GitPedia

Psgd torch

Pytorch implementation of preconditioned stochastic gradient descent (Kron and affine preconditioner, low-rank approximation preconditioner and more)

From lixilinx·Updated June 13, 2026·View on GitHub·

PSGD (Preconditioned SGD) is a general purpose (mathematical and stochastic, convex and nonconvex) 2nd order optimizer. It reformulates a wide range of preconditioner estimation and Hessian fitting problems as a family of strongly convex Lie groups like Riemannian manifold optimization problems. The project is written primarily in Python, first published in 2018. Key topics include: affine-group, deep-learning, hessian-vector-product, kronecker-factored-approximation, lie-groups.

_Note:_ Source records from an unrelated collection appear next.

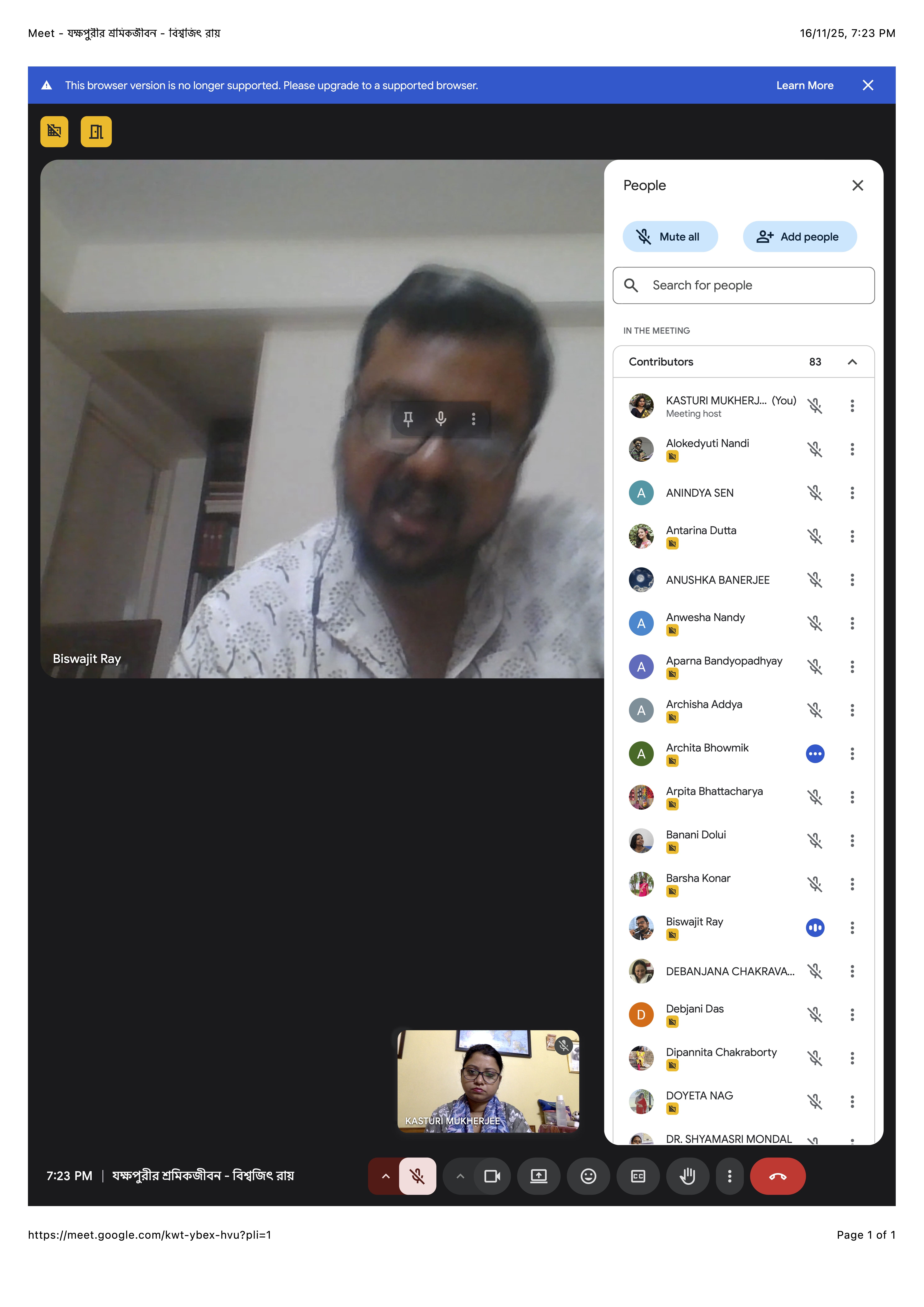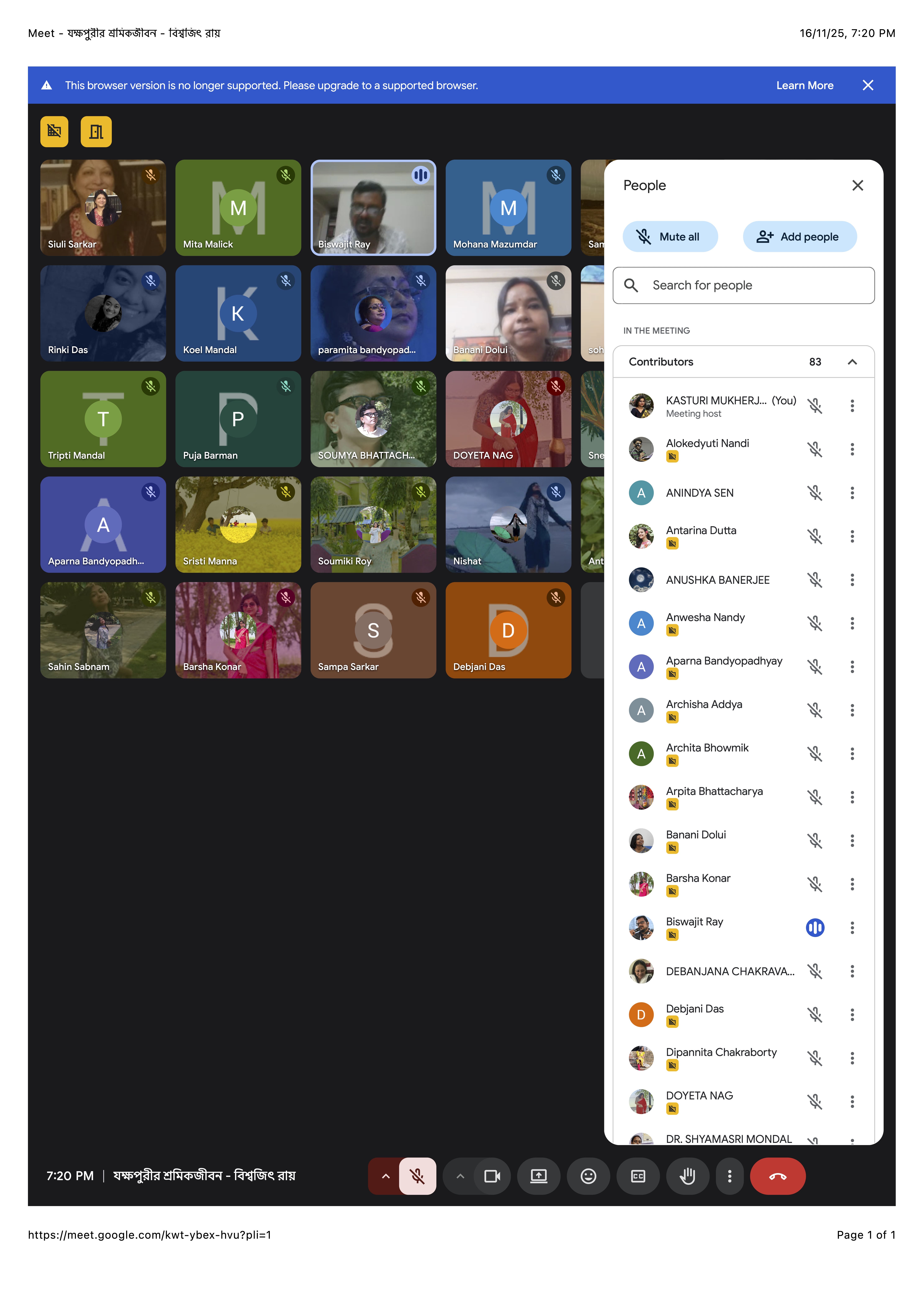 Name of the Activity: Yakshapurir Shramikjibon – Online Lecture Type of Activity: Academic Lecture / Commemorative Online Talk Date/Duration of Activity (from–to): 16 November 2025 (One-day event) Time: 7:00 PM to 9:00 PM Details of Resource Person: Prof. Biswajit Ray – Professor of Bengali, Visva-Bharati No. of Participants: 82 participants
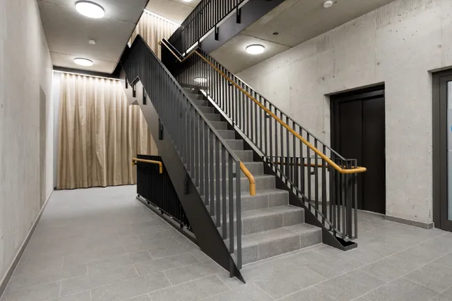 Die modernen sanitären Anlagen sind getrennt für Herren und Damen vorhanden, und barrierefreie WCs befinden sich auf jeder Etage, was den Komfort und die Zugänglichkeit für alle Mieter und Besucher sicherstellt. Diese umfassende Barrierefreiheit betont die moderne und inklusive Ausrichtung des gesamten Gebäudes.
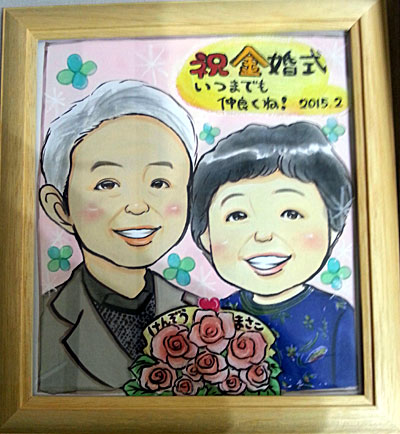 こちらは、金婚式のお二人へのプレゼントだそうです。金婚式・・・50年目ですか。素晴らしいですね。長く過ごすには様々な出来事を経て今ここにいるということ、ともにあることに感謝したいし元気でいて欲しいです。これからも60年70年と末長く共にお元気で。

Latest release: 2.0PSGD 2.0 release
December 25, 2025View Changelog →

Pytorch implementation of PSGD

An overview

PSGD (Preconditioned SGD) is a general purpose (mathematical and stochastic, convex and nonconvex) 2nd order optimizer. It reformulates a wide range of preconditioner estimation and Hessian fitting problems as a family of strongly convex Lie groups like Riemannian manifold optimization problems.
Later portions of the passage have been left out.